Requirement - For the records below, output word for word the lines from the one with "今回発売になったコミックス「" up to and including the one with "DIN A4 · utilisation". No pictures.

Data for this task -
____
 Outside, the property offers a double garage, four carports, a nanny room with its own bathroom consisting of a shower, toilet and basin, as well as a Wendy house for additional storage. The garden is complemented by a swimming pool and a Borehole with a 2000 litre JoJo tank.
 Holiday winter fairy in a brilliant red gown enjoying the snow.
____
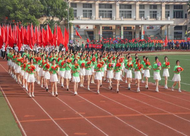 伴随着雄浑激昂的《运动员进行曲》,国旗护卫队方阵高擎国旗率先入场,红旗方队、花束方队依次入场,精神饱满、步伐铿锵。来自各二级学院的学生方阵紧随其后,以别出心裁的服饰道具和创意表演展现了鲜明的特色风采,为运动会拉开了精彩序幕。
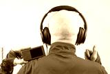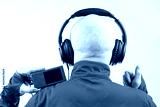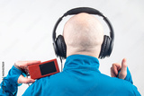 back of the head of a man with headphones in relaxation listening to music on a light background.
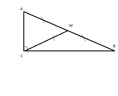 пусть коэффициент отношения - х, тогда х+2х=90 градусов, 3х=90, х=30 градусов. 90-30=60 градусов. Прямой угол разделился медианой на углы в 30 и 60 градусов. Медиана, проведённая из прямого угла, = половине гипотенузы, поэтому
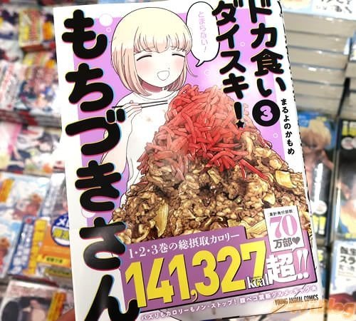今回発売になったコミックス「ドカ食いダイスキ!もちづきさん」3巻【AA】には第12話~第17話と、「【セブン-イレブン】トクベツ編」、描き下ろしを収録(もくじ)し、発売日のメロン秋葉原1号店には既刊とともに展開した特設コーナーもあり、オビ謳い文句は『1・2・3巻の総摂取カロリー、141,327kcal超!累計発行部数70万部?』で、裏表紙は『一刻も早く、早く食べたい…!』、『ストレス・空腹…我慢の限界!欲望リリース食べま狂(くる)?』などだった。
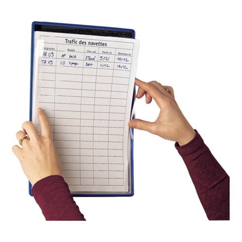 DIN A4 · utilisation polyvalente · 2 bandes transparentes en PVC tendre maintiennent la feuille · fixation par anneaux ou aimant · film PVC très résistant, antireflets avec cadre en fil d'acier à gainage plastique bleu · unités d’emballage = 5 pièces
____
Task solution -
今回発売になったコミックス「ドカ食いダイスキ!もちづきさん」3巻【AA】には第12話~第17話と、「【セブン-イレブン】トクベツ編」、描き下ろしを収録(もくじ)し、発売日のメロン秋葉原1号店には既刊とともに展開した特設コーナーもあり、オビ謳い文句は『1・2・3巻の総摂取カロリー、141,327kcal超!累計発行部数70万部?』で、裏表紙は『一刻も早く、早く食べたい…!』、『ストレス・空腹…我慢の限界!欲望リリース食べま狂(くる)?』などだった。
 DIN A4 · utilisation polyvalente · 2 bandes transparentes en PVC tendre maintiennent la feuille · fixation par anneaux ou aimant · film PVC très résistant, antireflets avec cadre en fil d'acier à gainage plastique bleu · unités d’emballage = 5 pièces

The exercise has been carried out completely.